JPH0940856A - Glass-reinforced polycarbonate resin composition - Google Patents

Abstract

PROBLEM TO BE SOLVED: To obtain a glass-reinforced polycarbonate resin composition having high rigidity and at the same time improved transparency. SOLUTION: This resin composition is composed of (A) 99-10 pts.wt. of a polycarbonate resin and/or a polyester carbonate resin, (B) 1-90 pts.wt. of a polyester derived from terephthalic acid and an allcyclic diol and (C) 1-60 pts.wt. of a glass filler based on the total of both the components A and B of 99-40 pts.wt. Further, the difference of the refractive index of the component A and that of the component C is <=0.01.

Description

Detailed Description of the Invention

[0001]

BACKGROUND OF THE INVENTION 1. Field of the Invention The present invention relates to a glass-reinforced polycarbonate resin composition, and more particularly to a glass-reinforced polycarbonate resin composition having high transparency and high rigidity.

[0002]

2. Description of the Related Art Polycarbonate resins are excellent in transparency, heat resistance and impact resistance, and are therefore used as an alternative material for glass for optical applications such as lenses and prisms. However, since the rigidity is lower than that of glass, physical properties are improved by adding an appropriate filler such as glass fiber in applications requiring high rigidity.
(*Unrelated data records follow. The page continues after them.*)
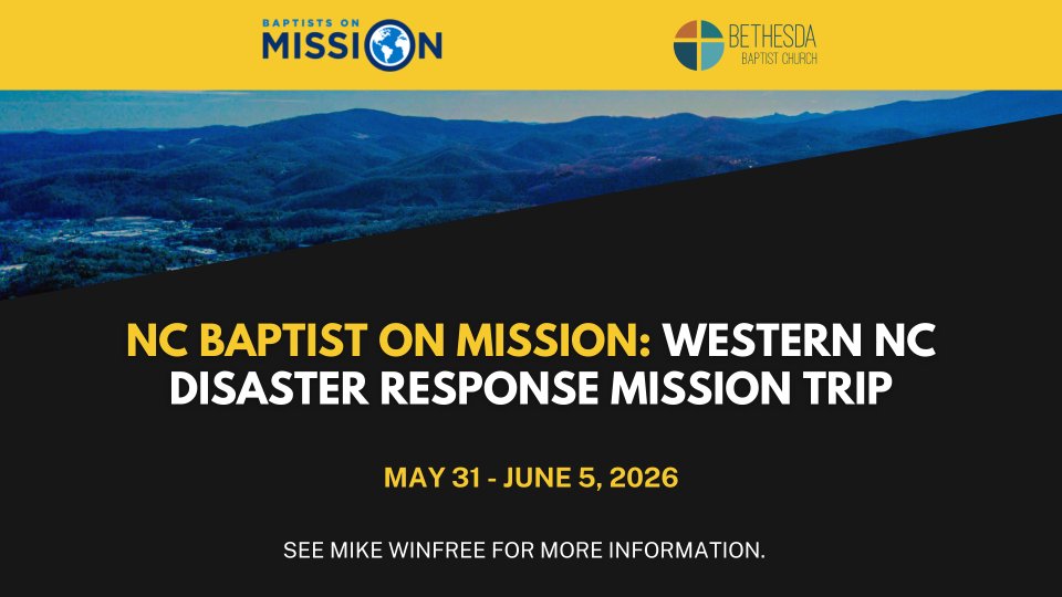 Mission team to help repair and rebuild homes in Western North Carolina that were damaged during Hurricane Helene. You don't have to have construction or repair experience to participate. If you are interested, please see Mike Winfree for more information.
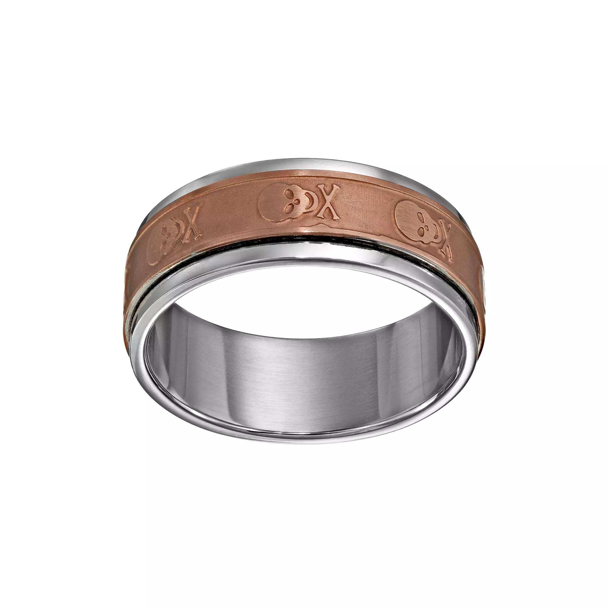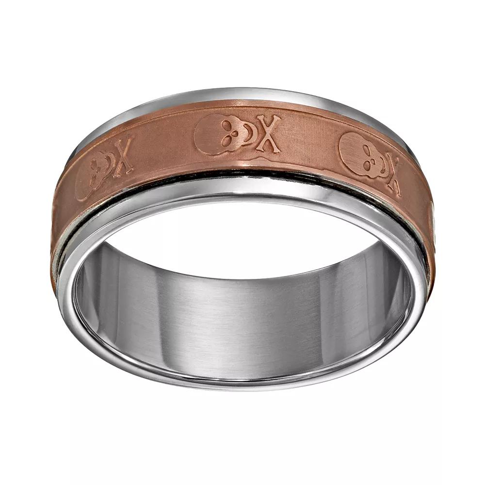 Add edgy style to your look with this men's two-tone stainless steel skull spinner band.RING DETAILS Width: 8 mm Metal: stainless steel, brown immersion-plated stainless steel Size: 10. Gender: male. Age Group: adult.
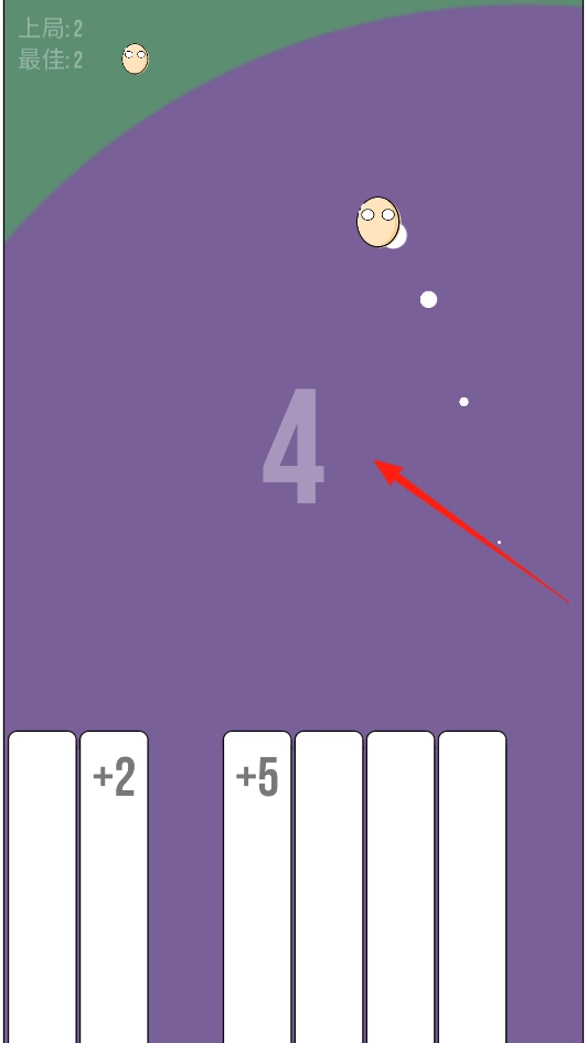 2、紫色背景中显示数字与带增益的钢琴键,小球自动下落,玩家需观察小球位置与钢琴键布局,点击对应钢琴键,同时避开空白区域,持续挑战让小球下落更久。
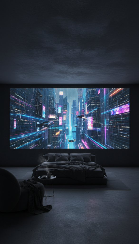 Creating a cyberpunk bedroom is about layering light, texture, and technology. It’s a balance between the chaotic energy of a neon city and the cozy seclusion of a personal hideout.

However, when a glass filler or the like is added, there is a difference between the refractive index of glass (usually about 1.545 for conventional glass) and the refractive index of polycarbonate (usually about 1.582 for conventional polycarbonate). Since it is large, there is a disadvantage that the transparency, which is a major feature of the polycarbonate resin, is impaired.

[0004]

SUMMARY OF THE INVENTION Therefore, an object of the present invention is to provide a glass-reinforced polycarbonate resin composition having improved transparency while maintaining high rigidity.

[0005]

The object of the present invention is to provide A) a polycarbonate resin and / or a polyester carbonate resin 99 to 10 parts by weight, and B) a polyester derived from terephthalic acid and an alicyclic diol.
1 to 90 parts by weight and a total of 99 to 40 parts by weight of both components A) and B), C) glass filler 1 to
60 parts by weight, and the difference in refractive index between the component A) polycarbonate-based resin and / or polyester carbonate-based resin and the component C) glass filler is 0.
It is solved by the glass reinforced resin composition which is 01 or less.

In the present invention, known polycarbonate resins can be used and are usually characterized as having a repeating structure of the following formula (Formula 1).

[0007]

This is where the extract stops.